> **What is being asked**
Keep the images out and copy every entry below exactly.

Extracted data entries
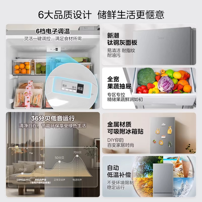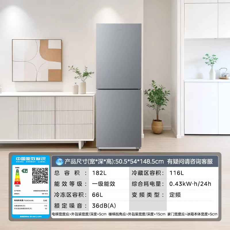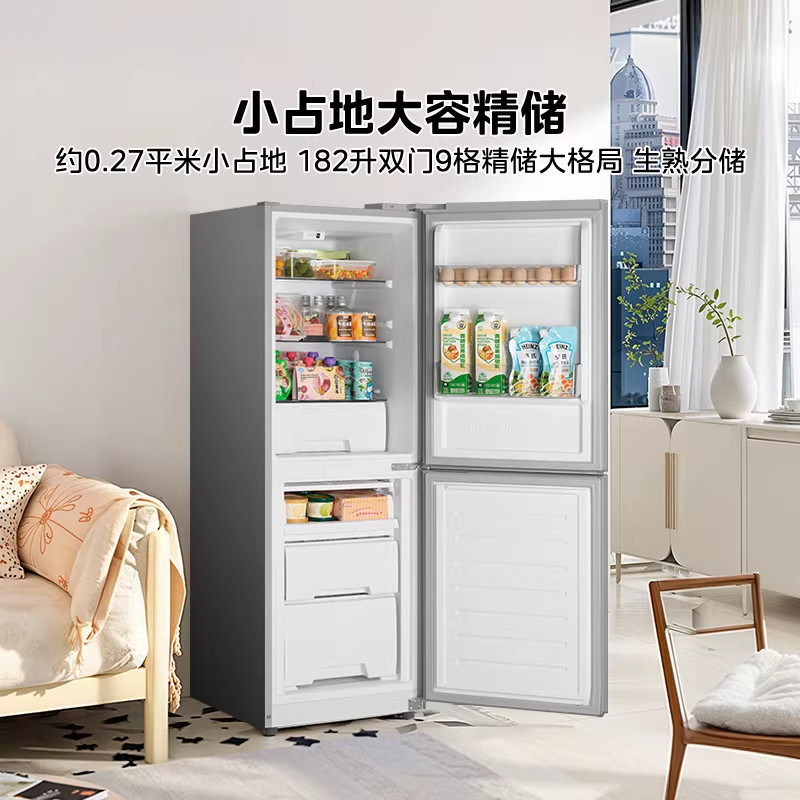 美的195/180+超薄双开两门家用小户型出租屋冰箱节能省电风冷无霜
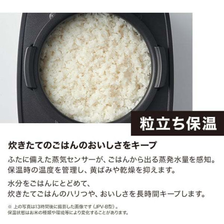 蒸気センサーで、昇温時の温度を管理し、蒸発水量をコントロール。水分をごはんにとどめて炊きたてごはんのおいしさを長時間保ちます。
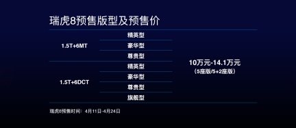 2018年4月11日,北京。“Fun 2 X 智·联万物”奇瑞智能品牌发布会,备受瞩目的奇瑞全新SUV——瑞虎8正式开启预售。提供三种版型以及1.5T/6MT与1.5T/DCT两种动力总成配置,预售价格区间10万元-14.1万元。此外,瑞虎8全系车型还将在5座基础上,提供“5+2”座椅升级布局供消费者多元化选择。
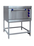 Жарочный шкаф односекционный ШЖЭ-1К-2/1духовка GN 2/1,конвекция, пароувлажнение, подставка (вся нерж.) (предназначен для жарки полуфабрикатов из мяса, рыбы, овощей, выпечки мелкоштучных кулинарных изделий. Духовка имеет одну решетку и один противень GN 2/1 размером 530х650х40мм., изготовленные из нерж. металла. Шкаф имеет раздельную регулировку мощности верхнего и нижнего блоков ТЭНов. Рабочий диапазон температуры 65-270С, установленный аварийный терморегулятор предохраняет шкаф от перегрева свыше 300С.Обладает возможностью принудительной конвекции и пароувлажнения. Изготовлен из нержавеющей стали, потреб. мощн.-
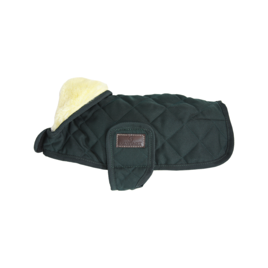 This outstanding Dog Coat was made to match the line of horse rugs from Kentucky Horsewear. It has a filling of 160g and features Kentucky's signature artificial rabbit skin lining for extra comfort, which creates tiny air pockets that trap and retain the body heat of the dog. The soft lining also polishes the dog’s coat and the artificial sheepskin on the neck offers comfort and warmth. This hood can be folded open over the neck for extra cover.
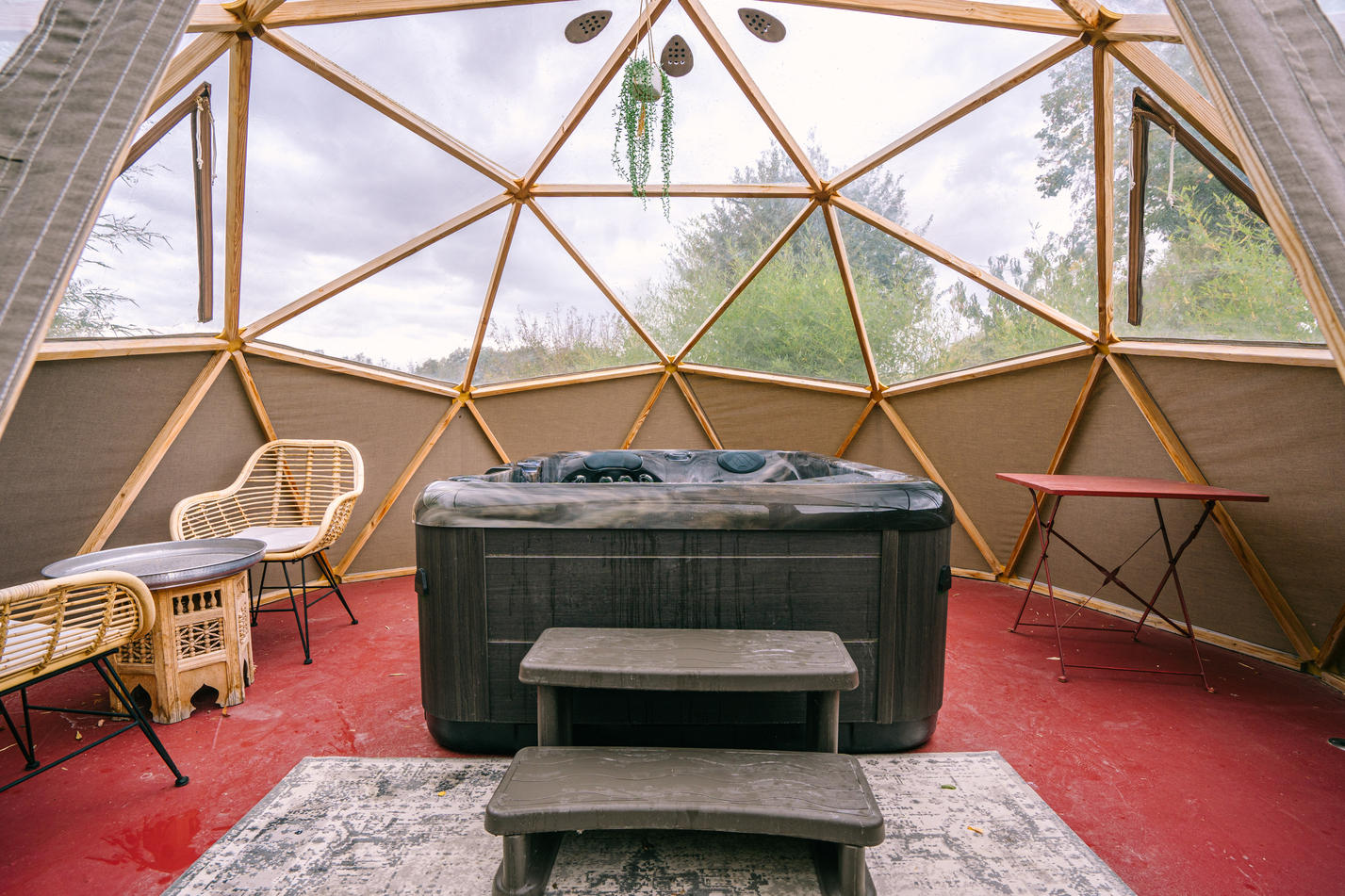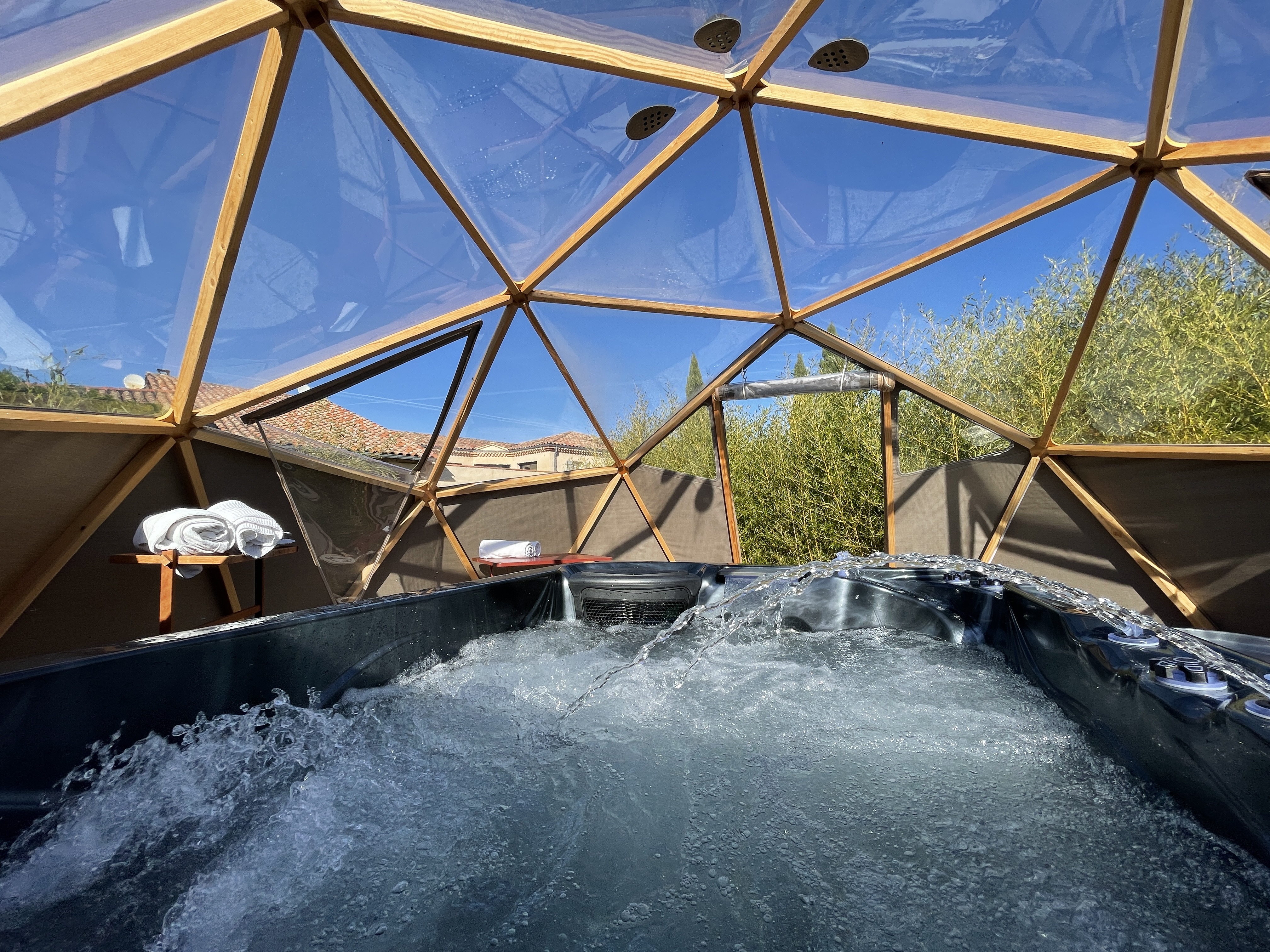 Un appartement situé à l’étage, totalement indépendant, très cosy, tout équipé, avec à l’extérieur son jacuzzi privatif sous un dôme.
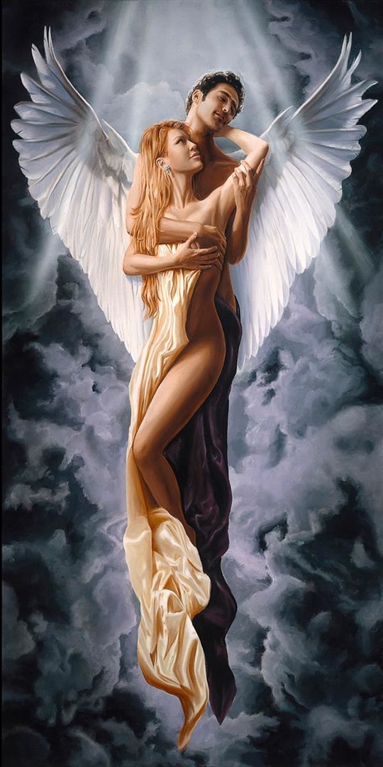 Calmly & gently lifted on air by her Guardian Angel, this DELLORCO beauty appears to us in a 48"x24" giclee on canvas, signed & numbered w/COA.
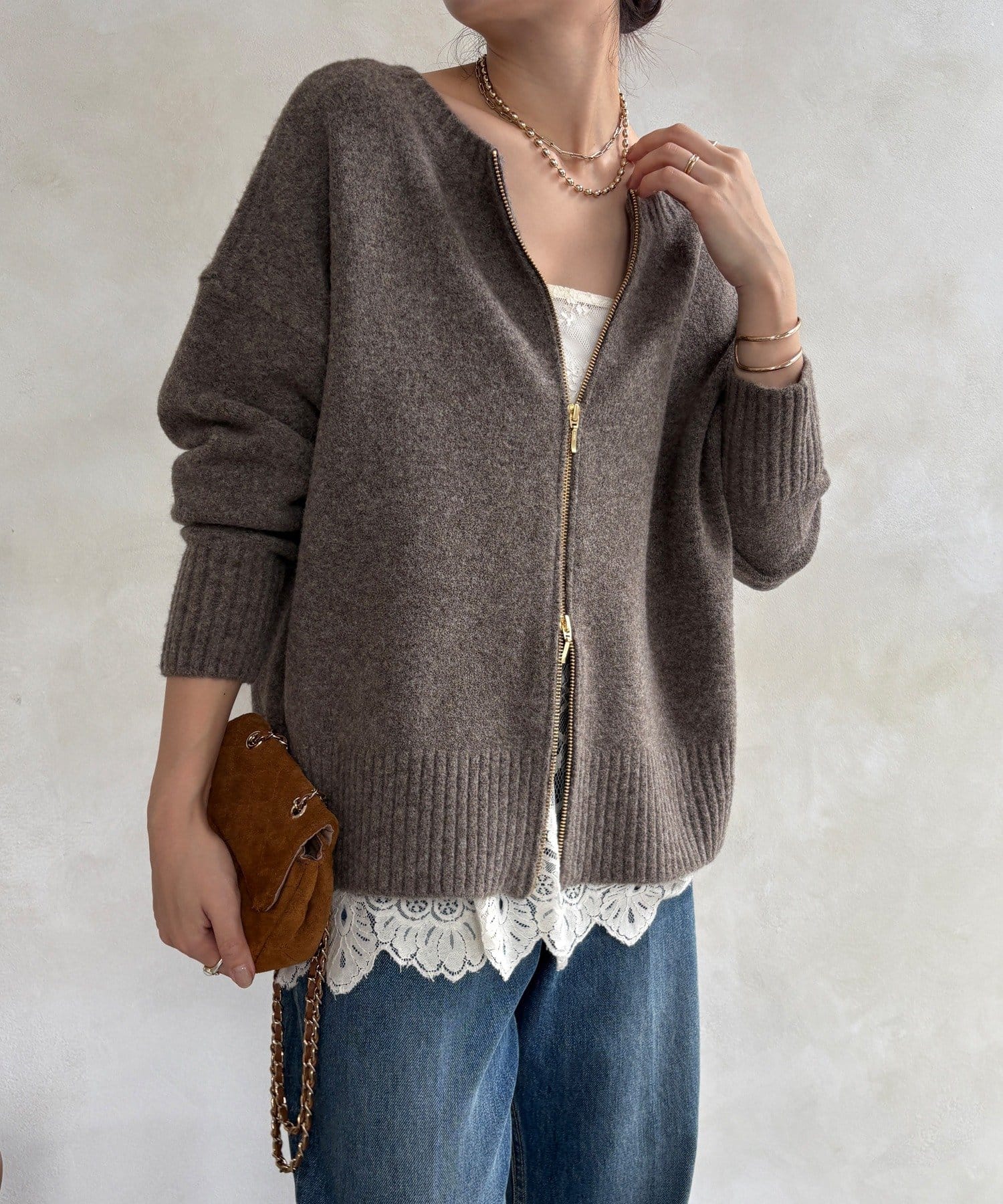 上下どちらからも開閉できるダブルジップ仕様で、着こなしのアレンジは自由自在!

> **Written answer**
 美的195/180+超薄双开两门家用小户型出租屋冰箱节能省电风冷无霜
 蒸気センサーで、昇温時の温度を管理し、蒸発水量をコントロール。水分をごはんにとどめて炊きたてごはんのおいしさを長時間保ちます。
 2018年4月11日,北京。“Fun 2 X 智·联万物”奇瑞智能品牌发布会,备受瞩目的奇瑞全新SUV——瑞虎8正式开启预售。提供三种版型以及1.5T/6MT与1.5T/DCT两种动力总成配置,预售价格区间10万元-14.1万元。此外,瑞虎8全系车型还将在5座基础上,提供“5+2”座椅升级布局供消费者多元化选择。
 Жарочный шкаф односекционный ШЖЭ-1К-2/1духовка GN 2/1,конвекция, пароувлажнение, подставка (вся нерж.) (предназначен для жарки полуфабрикатов из мяса, рыбы, овощей, выпечки мелкоштучных кулинарных изделий. Духовка имеет одну решетку и один противень GN 2/1 размером 530х650х40мм., изготовленные из нерж. металла. Шкаф имеет раздельную регулировку мощности верхнего и нижнего блоков ТЭНов. Рабочий диапазон температуры 65-270С, установленный аварийный терморегулятор предохраняет шкаф от перегрева свыше 300С.Обладает возможностью принудительной конвекции и пароувлажнения. Изготовлен из нержавеющей стали, потреб. мощн.-
 This outstanding Dog Coat was made to match the line of horse rugs from Kentucky Horsewear. It has a filling of 160g and features Kentucky's signature artificial rabbit skin lining for extra comfort, which creates tiny air pockets that trap and retain the body heat of the dog. The soft lining also polishes the dog’s coat and the artificial sheepskin on the neck offers comfort and warmth. This hood can be folded open over the neck for extra cover.
 Un appartement situé à l’étage, totalement indépendant, très cosy, tout équipé, avec à l’extérieur son jacuzzi privatif sous un dôme.
 Calmly & gently lifted on air by her Guardian Angel, this DELLORCO beauty appears to us in a 48"x24" giclee on canvas, signed & numbered w/COA.
 上下どちらからも開閉できるダブルジップ仕様で、着こなしのアレンジは自由自在!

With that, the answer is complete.